All of these tech companies have fallen into the Wall Street trap and it will be their ultimate undoing. Meta probably more than most.
I feel like a broken record but Google cracked this particular nut in the 2000s by creating an environment where people could flourish who would otherwise suffer in Corporate America. Google studied this and found in the 2010s that psychological safety was the number one factor in team success [1].
Corporate America typically has what's called an "up or out" mentality. Jack Welch dogmatic thinking rules here. Fire the bottom 5% every year and if you don't get promoted within a certain period, get rid of you because you've reached your potential. This is what created things like stack ranking (which is nothing more than a popularity contest) and smoothing of performance ratings. The last one is toxic because a certain percentage of ratings have to be subpar (ie below "Meets Expectations"). All of this destroys collaboration and creates an environment where those who are more political and more likable rise to the top.
And guess what? Your autistic engineers who otherwise flourished in early Google can't function effectively in such an environment. And these are the people who otherwise become subject-matter experts in storage systems, networking and other niche topics.

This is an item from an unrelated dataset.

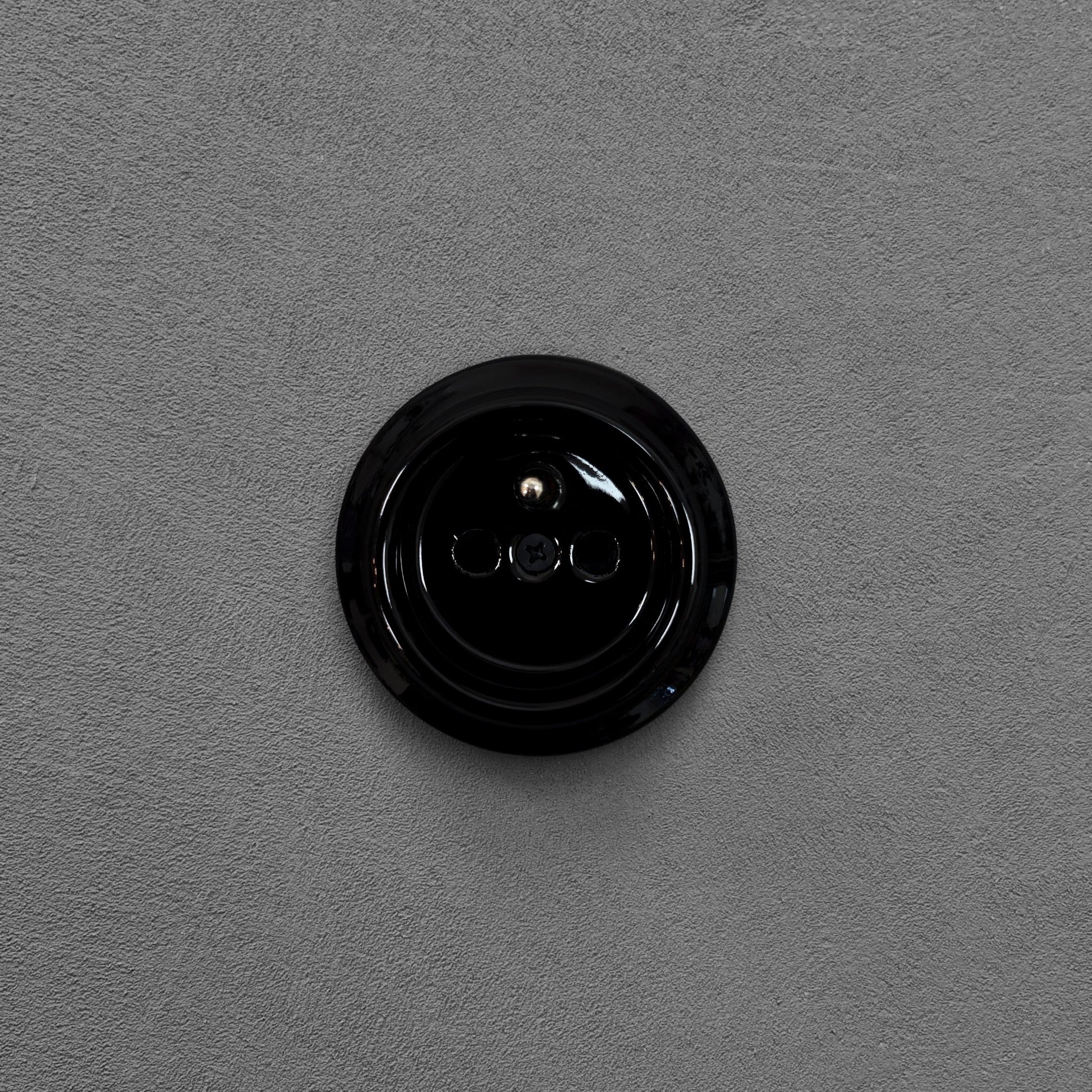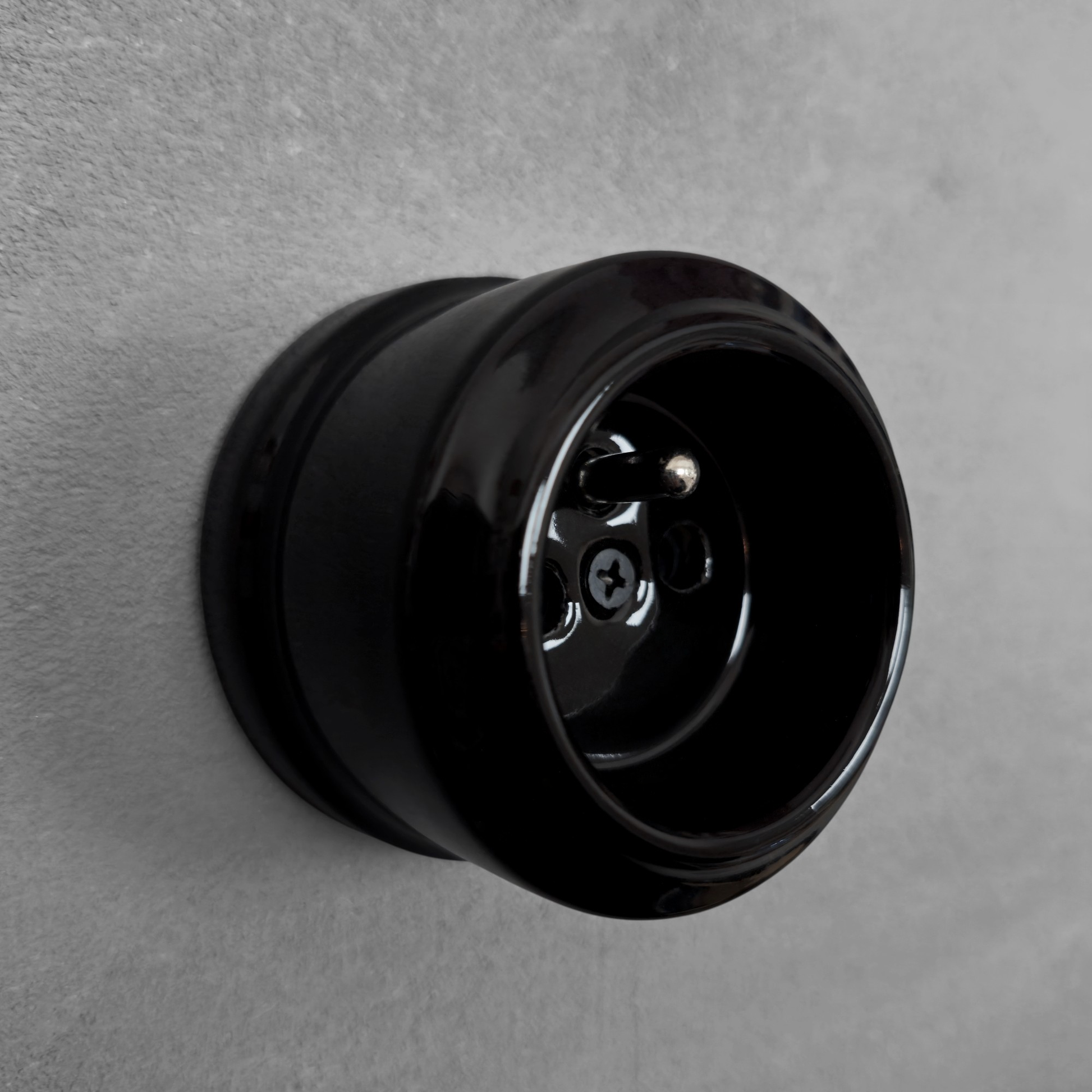 Power Socket Porcelain Loft Retro Electrical French Schuko Surface-Mounting Vintage Cottage Ceramic Black

At some point innovation ends and the only way to satisfy the insatiable appetite for increasing profits is to raise prices and/or cut costs. So all these companies have engaged in the suppression of wages despite being wildly profitable on a per-employee basis.
As for Zuckerberg in particular, he clearly has no idea where to go with Meta and the AI division is a disaster. The posterchild for bad decision-making and leadership was the Metaverse because $70B+ was spent on an idea with no product-market fit. There were other less expensive boondoggles (eg Libra).
So Zuck hired like crazy in the pandemic because that's what everyone else did and has now engaged in massive layoffs because, well, that's what everyone else is doing and he has no idea what to do with those people. Notice how it's leadership errors that are massively disruptive to people's lives but they suffer none of the consequences when they're responsible? Yeah, me too.